— INPUT RECORDS —
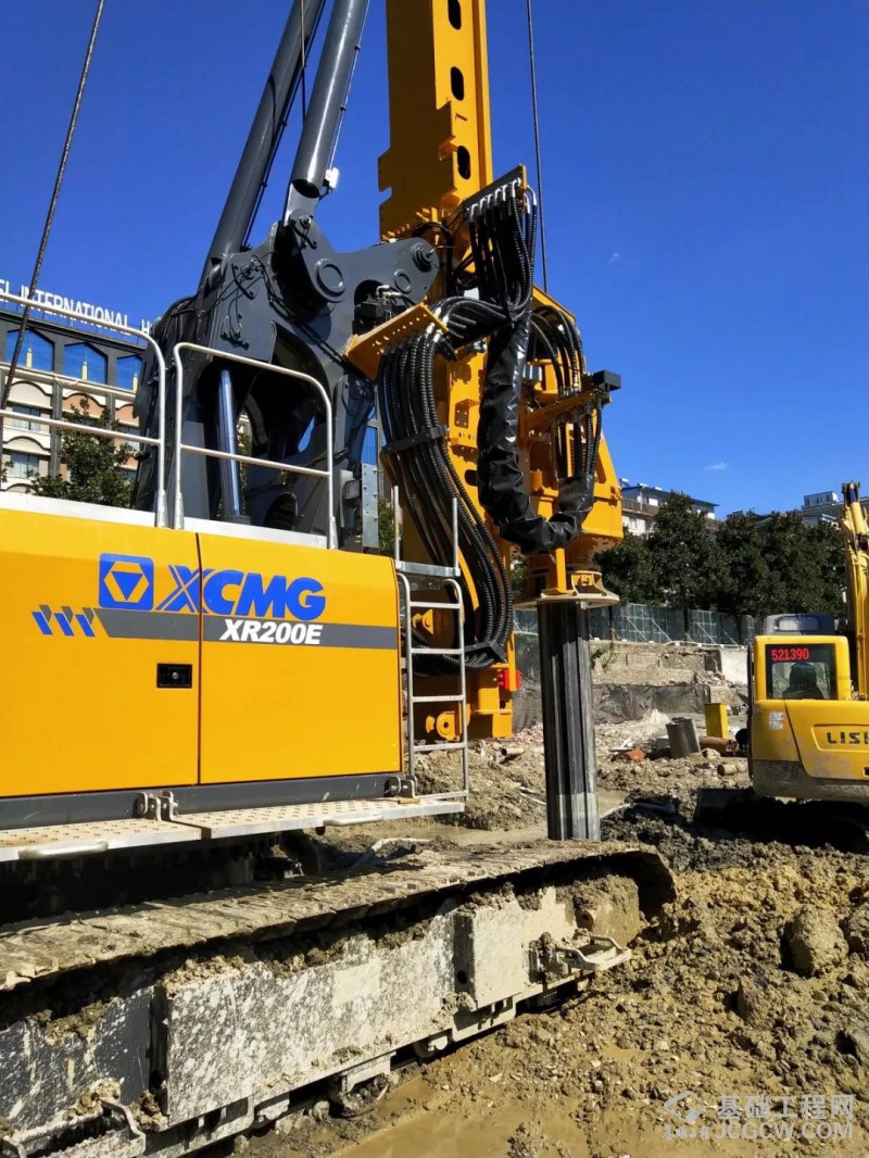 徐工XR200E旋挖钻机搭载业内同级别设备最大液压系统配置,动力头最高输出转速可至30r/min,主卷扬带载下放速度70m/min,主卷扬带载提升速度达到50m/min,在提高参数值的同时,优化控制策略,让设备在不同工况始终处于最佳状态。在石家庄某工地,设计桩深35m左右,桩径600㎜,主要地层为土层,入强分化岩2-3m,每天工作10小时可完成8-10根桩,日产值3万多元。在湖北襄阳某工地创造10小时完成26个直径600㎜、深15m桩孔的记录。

---

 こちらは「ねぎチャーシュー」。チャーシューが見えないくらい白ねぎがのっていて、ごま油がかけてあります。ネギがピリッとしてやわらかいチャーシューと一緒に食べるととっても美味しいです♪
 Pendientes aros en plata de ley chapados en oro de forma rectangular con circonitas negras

— ACTION ITEM —
Out of the data above, set down the lines from the one with "こちらは「ねぎチャーシュー」" to the one with "Pendientes aros en", both included, exactly as written and with no additions.

— SOLUTION TO THE EXERCISE —
 こちらは「ねぎチャーシュー」。チャーシューが見えないくらい白ねぎがのっていて、ごま油がかけてあります。ネギがピリッとしてやわらかいチャーシューと一緒に食べるととっても美味しいです♪
 Pendientes aros en plata de ley chapados en oro de forma rectangular con circonitas negras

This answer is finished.